Run your application and gaze in wonder at the trail of green that follows you everywhere you go (click image for full view):

It's that simple.

3.3.2 Circle Points

That was almost too easy, so let's also add a second Shape as well: Circles. You can read more about Circles here. You are going to draw a circle at each point you move to on the map. You can also guess how elegant and easy implementing these bad boys will be...Circles are implemented similarly to Polylines, only they are even simpler. Terrifying, isn't it?

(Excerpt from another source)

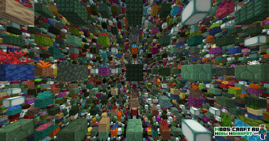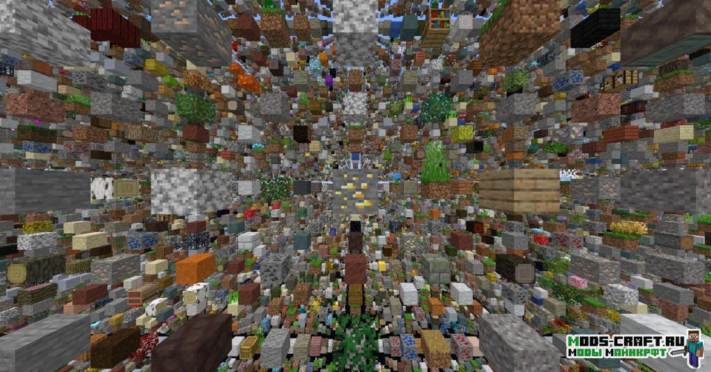Модификация позволяет создать мир с новым и популярным типом генерации — Скайгрид. Этот мир состоит из разнообразных блоков, расположенных друг от друга на расстоянии в 4 блока.

In onLocationChanged(...):

• Below the line where you called your Polyline variable's setPoints(...) method, make a call to your Google Map's addCircle(...) method.
  • Pass in a new CircleOptions object, and initialize it as follows:
    • center: The point on the map where the Circle will be drawn. Pass in the LatLng point you just added to your list of points.
    • radius: this is the radius in meters of the circle you are going to draw. Pass in WalkAbout.CIRCLE_RADIUS. You probably want this value to be very very small, much smaller than the default value of 30, so experiment with different values yourself.
    • fillColor: The color of the Circle's inside. Pass in Color.CYAN.
    • strokeColor: The color of the Circle's outside, or its outline color. Pass in Color.BLUE.
    • You can pick whichever colors you want as long as it makes your circle obvious on the map.

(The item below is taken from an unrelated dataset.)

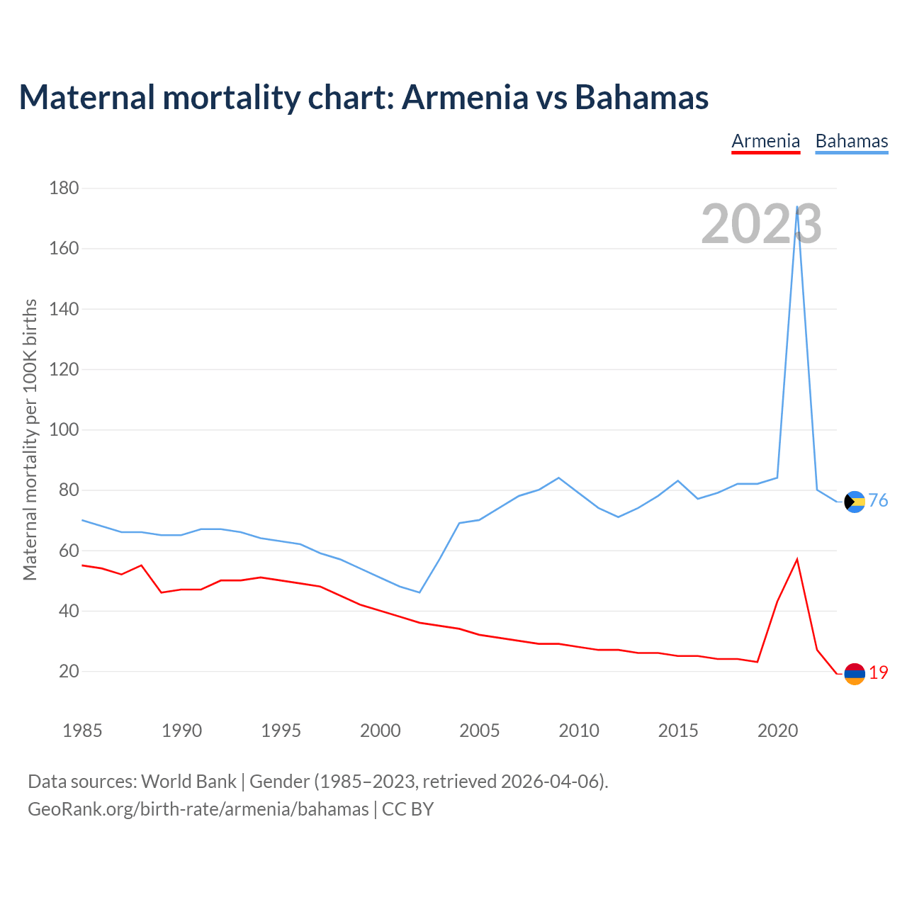 The maternal mortality rate, which is the probability of dying during childbirth or within 42 days of pregnancy termination, is 19 deaths per 100,000 live births in Armenia, compared to 76 deaths in the Bahamas.

Run your application from the beginning, start recording your path and walk around. You'll now see circles at each point that you visited (click image for full view):

Zoomed in extra-close to show each circle's fill color.

One more thing: we have to properly wipe the map of Polylines and Circles if we stop and start recording again. Because Polylines are tied directly to the list of LatLng points we maintain, and we clear that list in setRecordingState(...), we don't have to worry about having to wipe the map of Polylines. Circles, however...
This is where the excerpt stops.